Ah, the Arctic—a mystical, unexplored wonderland where the ice is melting faster than a snowman in July. And who holds the keys to this icy kingdom? None other than Russia, which just claimed victory in a big battle for control. Say goodbye to the US and Canada, folks, as it looks like they have been shown an exit door.
The uncharted Arctic region is a mysterious and alluring area of the earth that has long captivated people’s minds. But, more than its aesthetic value, several countries, including the US, Canada, and Russia, view it as strategically significant.
The Arctic has significant reserves of oil, gas, and other natural resources that are yet to be fully explored. In the future, it could also be a key shipping route, connecting the Atlantic and Pacific oceans and potentially saving millions in transportation costs.
As the ice continues to melt, the Arctic is becoming increasingly accessible, making it a crucial area for these nations. However, the nations are not ready to share the terrain with each other.

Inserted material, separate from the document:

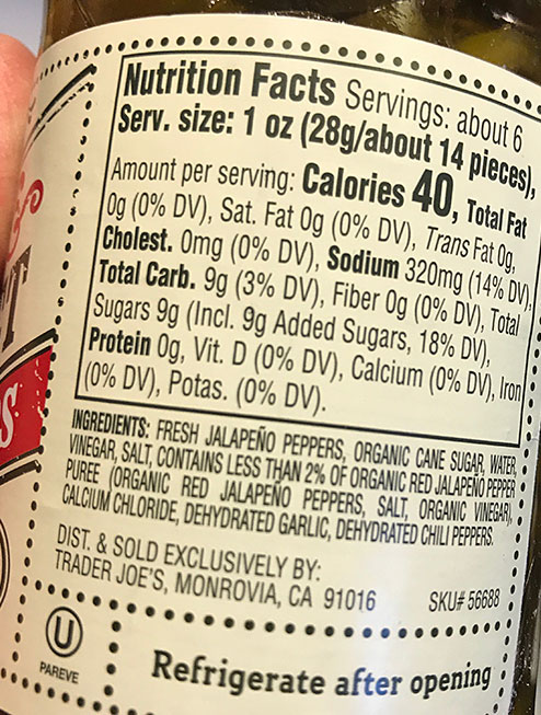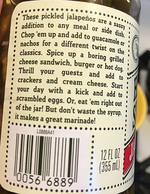 The bottle has good suggestions on the label, such as add them chopped up to your guacamole. For that matter add some chopped up on top of your avocado toast! Grilled cheese? Oh yes, these go perfectly put some in with the cheese before you grill them so they mix into that melted cheese (chopped or whole if you want big spicy bites). Scrambled eggs? Oh yes, again delicious. Ditto with cream cheese and crackers. Brilliant. Especially with the Red Chili Crackers. For nachos? Another no-brainer. Finally do not ignore TJ’s suggestion about not wasting that leftover juice in the bottle for using in marinades. This hot and spicy pickle juice is amazing. I keep of bottle of just that in the fridge.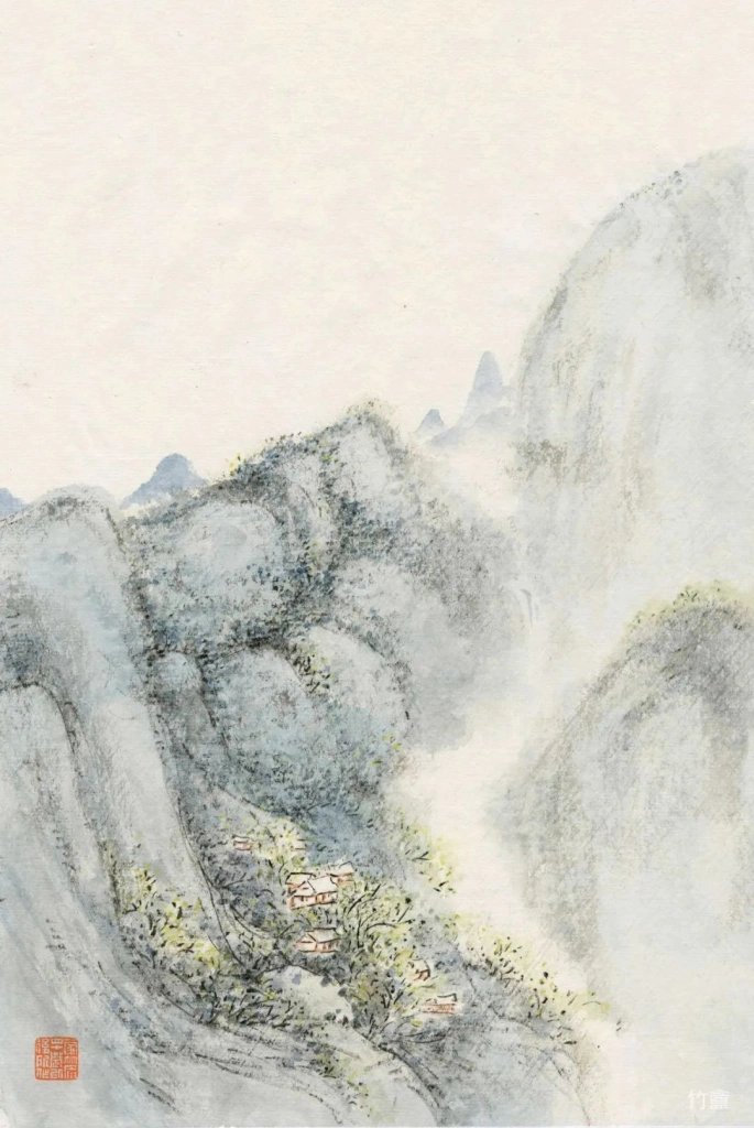 这组作品的完成,时作时辍,有些内容,落笔便成,有些则反复画了几稿,也不满意,有些几稿画下来,各有各的好,有些至今也依然觉得不够满意。推敲取舍,前后两年多时间,废画三千有些夸张,但也绝不止三百。《辋川集》中四十首诗,我完成七十多开。今春上海明珠美术馆,策划了一个名叫《诗与山河——画家竹庵笔下的辋川集》小画展。我从中选出四十张,加上一张《山中与裴秀才迪书》作为整组画的姊妹篇,构成一套,寄去了上海。

The battle for control over the Arctic region has intensified in recent years, with the US, Canada, and Russia all staking their claims. The US and Canada claim that the Arctic should be an international waterway, while Russia claims the emerging Sea Route as its own.
The Russian might in the Arctic
In 2007, Russia claimed a vast underwater area of the Arctic seabed, triggering tensions with the US and Canada, who protested that it violated international law and encroached on their own territorial waters.
In 2019, the US and Canada submitted their own competing claims to the UN, further inflaming the dispute. However, the issue has now been settled, and media reports indicate that the Commission on the Limits of the Continental Shelf (CLCS) has approved Russia’s claims to seabed rights in the central Arctic Ocean.
This gives Russia legal rights to a staggering 1.7 million square kilometres of seabed, extending from the exclusive economic zone of the Russian Federation across the North Pole to the exclusive economic zones of Canada and Greenland, which is part of the Kingdom of Denmark.
This outcome deals a major blow to the US and Canada, who now face the reality of a dominant Russia in the race for control over the Arctic’s valuable resources. With an estimated 13% of the world’s untapped oil and 30% of undiscovered natural gas reserves, the Arctic remains a valuable prize for Russia.
Read More: Now, Canada is in Russia’s line of fire
Not only this, but Russia is also actively building up its military presence in the area. In 2020, Russia announced plans to build 13 new military bases in the Arctic, sparking criticism from other nations that view it as a threat to regional stability.
Moreover, Russia recently conducted several military drills with allies to show its hegemony in the Arctic.
Russia’s Arctic capabilities are also unrivalled, with over 40 icebreakers currently in operation and more being built. In contrast, the US only has two Arctic-capable icebreakers, both of which are increasingly prone to breakdowns and fires.
Read More: Canada may lose the Arctics to its own allies in the coming 10 years
The Arctic security game just got more interesting! Western allies have suffered a major defeat as Russia secures validation of its extended continental shelf claim, leaving them in the icy cold. It’s time to face the music, Russia now rules the Arctic, and the West will just have to find a way to deal with it.